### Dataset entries
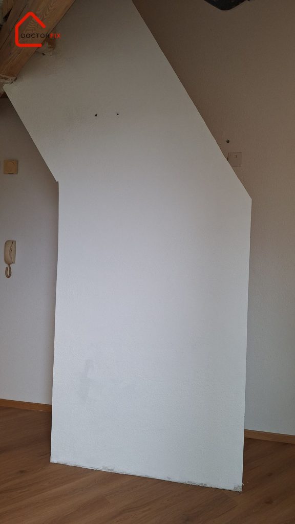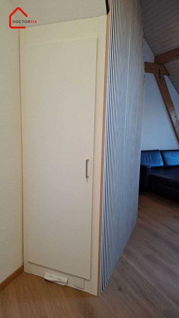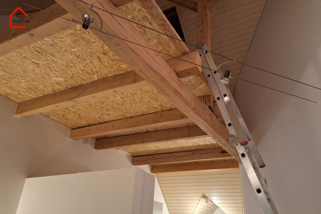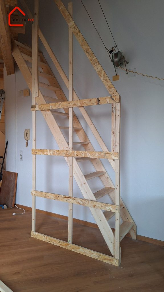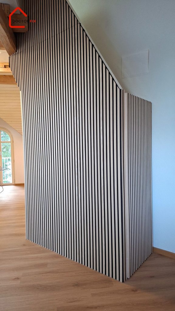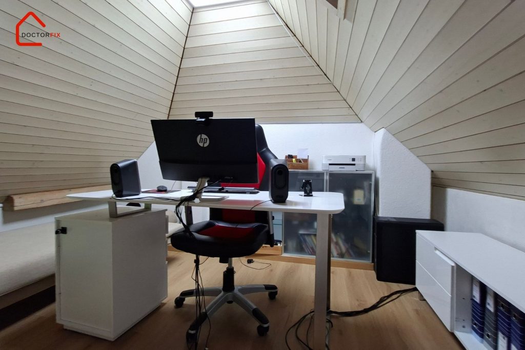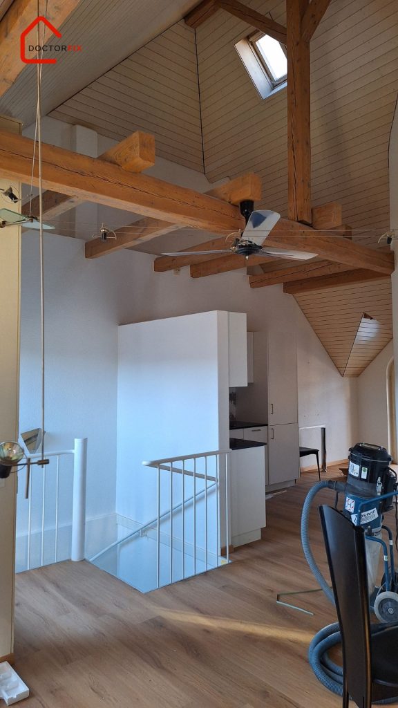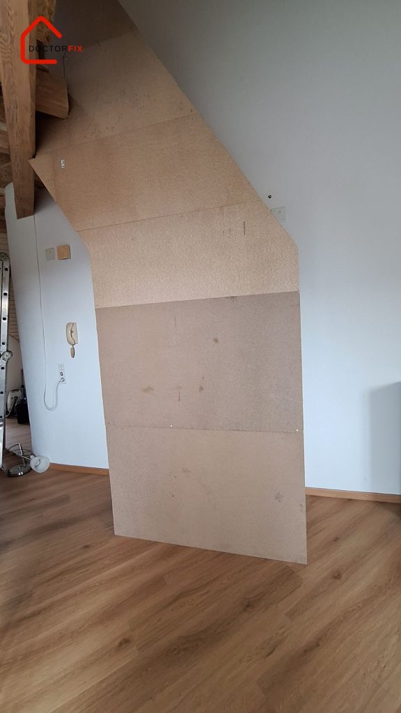 O acesso faz-se através de uma escada de madeira revestida e protegida, que se integra de forma harmoniosa no ambiente. Aproveitando o vão da escada, foi concebido um armário voltado para a cozinha, garantindo arrumação extra sem comprometer a estética.
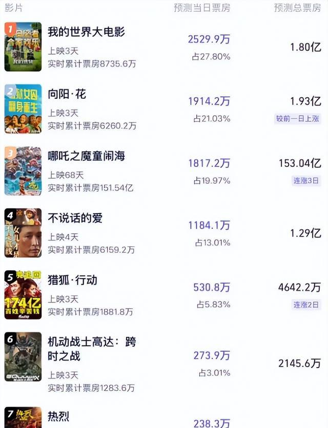初期有预测显示,《向阳花》总票房可能在1.75亿。
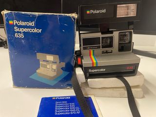 Cámara fotográfica POLAROID, modelo SUPERCOLOR 635, de los años 80. En perfecto estado. Con su caja y manual de instrucciones originales.
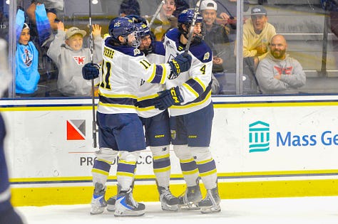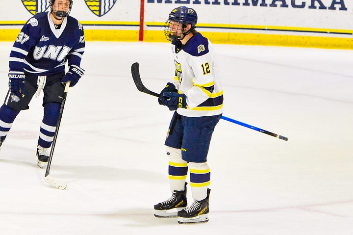 NORTH ANDOVER — Merrimack defeated New Hampshire 5-1 on Saturday night at Lawler Arena.
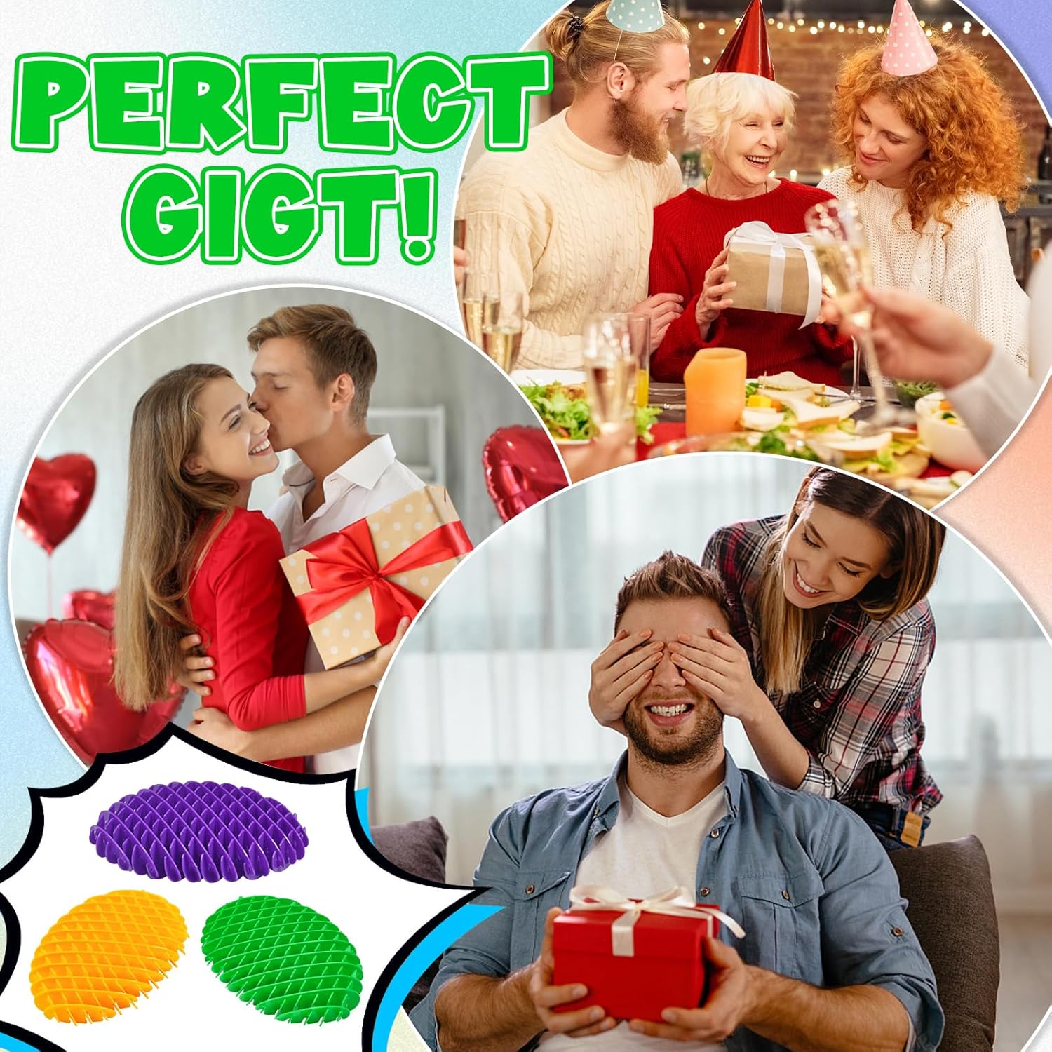 - 【RELEASE ANXIETY AND STRESS】This toy is a perfect choice for stress relief as that is comfortable to touch, it can help you feel calm and relaxed wherever you are. We offer yellow, purple and green in each package, bright colors also help release stress.
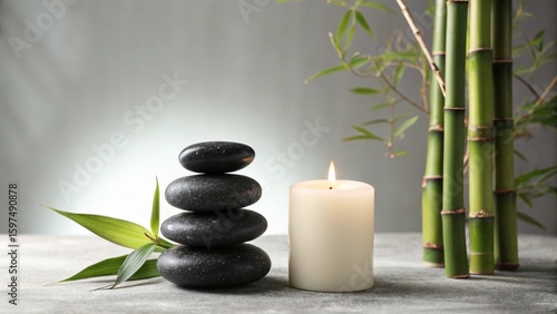 Obraz premium Zen Still Life: Stone, Candle, and Bamboo
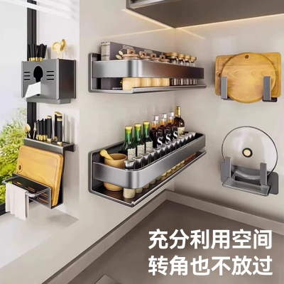 厨房置物架调味料品罐收纳架子墙上免打孔壁挂式家用多功能佐料架
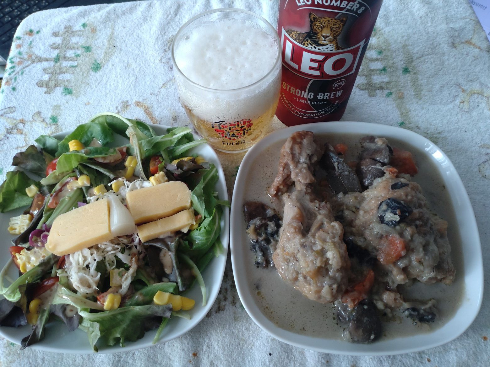 ONE BANGKOKもオープンしましたので、どうなる事やら。 さて!冷蔵庫から取り出して直ぐの状態がこれです。 レンジでチンしてから盛り付けました。 美味しかったぁ!! 何と言っても煮込まれて柔らかくなった鶏肉が、箸で簡単にこの状態になる程なのです。
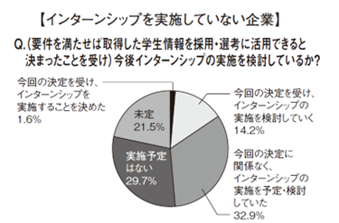 (4)インターンシップを実施していない企業は、14.2%が「今回の決定を受け、インターンシップの実施を検討」
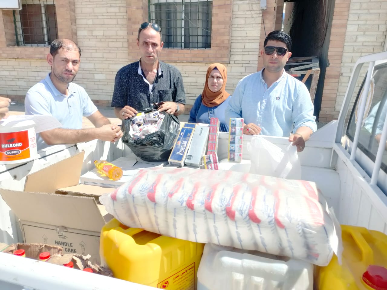 وأسفرت الحملة عن تحرير 5 محاضر سلع غذائية مجهولة المصدر، ومستوردة بدون فواتير ضريبية معتمدة، ومحضرين عدم الإعلان عن أسعار السلع الغذائية المعروضة للبيع وتم التحفظ على 20 كجم سكر حر غير معلن عن أسعاره وبدون فواتير معتمدة، و40 كجم عسل أسود غذائي بدون فواتير معتمدة، و40 كجم زيت طعام أولين غير معلن عن أسعاره وبدون فواتير معتمدة، و15 كجم نفض بويات بدون فواتير معتمدة، و14 غراء بويات بدون فواتير معتمدة، و45 علبة سجائر بدون فواتير معتمدة وغير معلن عن أسعارها، و240 علبة سجائر مستوردة مجهولة المصدر، وذلك بالتنسيق وبالتعاون المشترك مع إدارة الصحة والتموين والطب البيطري.
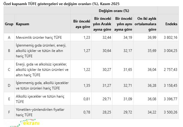 İşlenmemiş gıda ürünleri, enerji, alkollü içkiler ve tütün ile altın hariç TÜFE’deki değişim, 2025 yılı Kasım ayında bir önceki aya göre %1,27 artış, bir önceki yılın Aralık ayına göre %30,64 artış, bir önceki yılın aynı ayına göre %32,17 artış ve on iki aylık ortalamalara göre %35,69 artış olarak gerçekleşti.
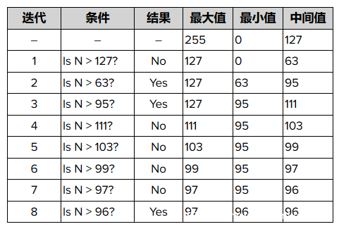 请注意,我们无法直接检索任何数值或字符串值,因此就需要将这些表达式转换成一组布尔查询,并根据其执行时间将其评估为True或False。这就是二进制搜索算法的工作原理,我们不是直接查询数字,而是去查询它是否大于X。在每次迭代中调整X的值,直到我们在log(n)次查询后找到正确的值。举例来说,如果要检索的当前值是97,那么我们对算法执行跟踪,如下所示:
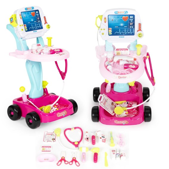 Zestaw lekarza, to wspaniała zabawka, która pozwala na wcielenie się w rolę doktora, co dostarczy wiele godzin zabawy rozwijając jednocześnie wyobraźnię i kreatywność. Ten wózek, to doskonały pomysł na prezent dla małych lekarzy i pielęgniarek, dzięki wielu akcesoriom, które można spotkać w prawdziwym gabinecie, zabawa stanie się jeszcze bardziej wciągająca. Efekty dźwiękowe jak np. rytm bicia serca i podświetlany termometr, czy pulsometr, przyciągną wszystkie dzieci na długie godziny dobrej zabawy.
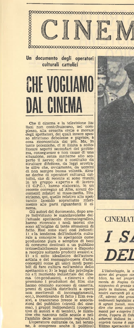 | Temi (keywords PRIN 2012) | Ermanno Olmi GPC (Gruppo di Presenza Culturale) legislazione sul cinema televisione |

### Your instructions
The answer must be an exact copy of the lines above, from the start of the records through the line with "وأسفرت الحملة عن", and of nothing else; no pictures belong in it.

### Written response
 O acesso faz-se através de uma escada de madeira revestida e protegida, que se integra de forma harmoniosa no ambiente. Aproveitando o vão da escada, foi concebido um armário voltado para a cozinha, garantindo arrumação extra sem comprometer a estética.
初期有预测显示,《向阳花》总票房可能在1.75亿。
 Cámara fotográfica POLAROID, modelo SUPERCOLOR 635, de los años 80. En perfecto estado. Con su caja y manual de instrucciones originales.
 NORTH ANDOVER — Merrimack defeated New Hampshire 5-1 on Saturday night at Lawler Arena.
 - 【RELEASE ANXIETY AND STRESS】This toy is a perfect choice for stress relief as that is comfortable to touch, it can help you feel calm and relaxed wherever you are. We offer yellow, purple and green in each package, bright colors also help release stress.
 Obraz premium Zen Still Life: Stone, Candle, and Bamboo
 厨房置物架调味料品罐收纳架子墙上免打孔壁挂式家用多功能佐料架
 ONE BANGKOKもオープンしましたので、どうなる事やら。 さて!冷蔵庫から取り出して直ぐの状態がこれです。 レンジでチンしてから盛り付けました。 美味しかったぁ!! 何と言っても煮込まれて柔らかくなった鶏肉が、箸で簡単にこの状態になる程なのです。
 (4)インターンシップを実施していない企業は、14.2%が「今回の決定を受け、インターンシップの実施を検討」
 وأسفرت الحملة عن تحرير 5 محاضر سلع غذائية مجهولة المصدر، ومستوردة بدون فواتير ضريبية معتمدة، ومحضرين عدم الإعلان عن أسعار السلع الغذائية المعروضة للبيع وتم التحفظ على 20 كجم سكر حر غير معلن عن أسعاره وبدون فواتير معتمدة، و40 كجم عسل أسود غذائي بدون فواتير معتمدة، و40 كجم زيت طعام أولين غير معلن عن أسعاره وبدون فواتير معتمدة، و15 كجم نفض بويات بدون فواتير معتمدة، و14 غراء بويات بدون فواتير معتمدة، و45 علبة سجائر بدون فواتير معتمدة وغير معلن عن أسعارها، و240 علبة سجائر مستوردة مجهولة المصدر، وذلك بالتنسيق وبالتعاون المشترك مع إدارة الصحة والتموين والطب البيطري.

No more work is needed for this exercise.